Firefox is getting the so called 'tracking protection" that blocks 3rd party connections. Does it mean its illegal? Chromium started blocking the audio context api’s moving away from the standard, does it mean its illegal?

Adblock browser and dedicated browser block ads too. Does it mean its illegal?

We will legally call our product an advanced browser. There is no law that prevents what we are doing.

AMP helped making this even easier. Now we have a standard and that we can get content even more easily and in text mode.

Your content should not be on the open web, because there is nothing that prevents that. We legally call our fetcher a proxy, because it is a proxy. Proxies are not illegal.

There is no legal law requiring following the web standards and not interpreting the HTML as we like.

ChrisP
2018-06-03

This is why we want a DRM for the web. This should be illegal, unfortunately its not. But I support that you do it. It’ll make our job easier to move users to our own apps, when everyone starts facing the same problem.

Good luck.

chaals
2018-06-03

As I explicitly noted, in Spain because teh government will hold them accountable Google does not provide its news service.

Legal enforcement in general requires someone to act. And where there is a clear breach of a law, there is only sometimes an incentive to act, and sometimes all those with “standing” - the right to act - fail to do so. That doesn’t make something legal, in general.

There is no law that requires you to follow most Web Standards. But there are laws about the ownership of content, and the conditions under which you can use and distribute it. And they are different from place to place. It is that variation that I am suggesting might mean you are not on solid legal ground across the entire Web.

Garbee
2018-06-03

Sure. Just like there is no law preventing snake oil salespeople from selling products under the notion that they “may” help with medical problems. Since there is wiggle room for it to not work. You can call your product an “advanced browser” because people who don’t know any better may think it is. That doesn’t mean it is a browser, much less anything “advanced” in any way.

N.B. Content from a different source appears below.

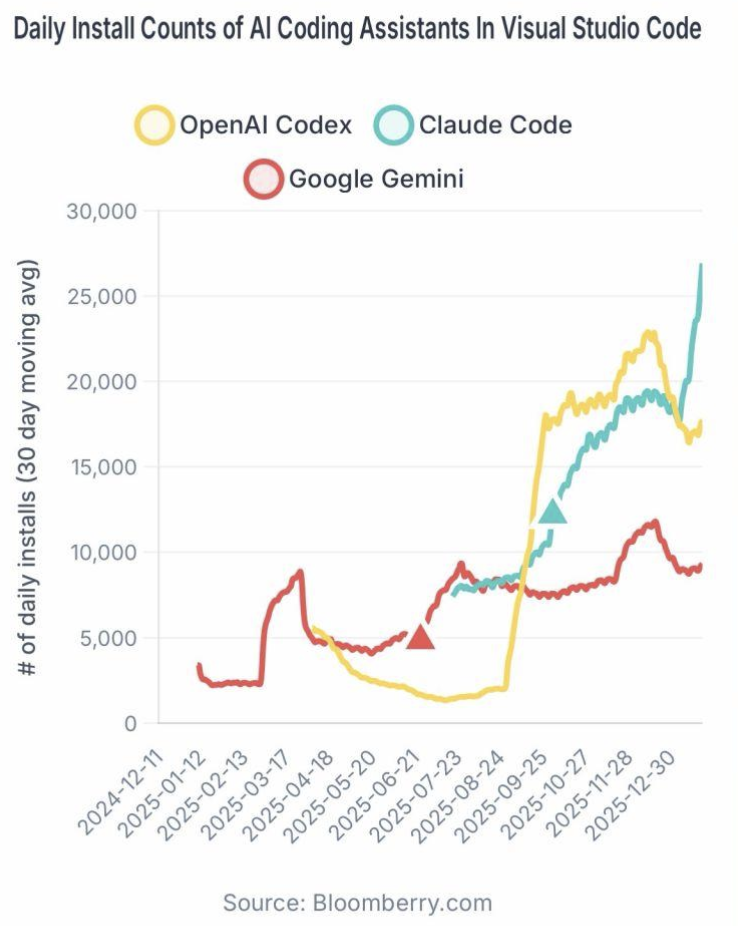 OpenAI拉响“红色警报”,并没有影响Claude在AI编程工具领域“曲棍球棒式”的增长曲线!

You’re correct on one thing though, there may be nothing illegal outright about your application. However, being legal and being right are two different things. Web browsers should not allow a method internally to circumvent clear protections put in place by website authors to help protect their users.

Regardless of direct legality, these controls exist for a reason. Any method to bypass them within a browser MUST NOT be done. Otherwise, we might as well remove the controls themselves everywhere and ignore adding any method to allow bypassing them.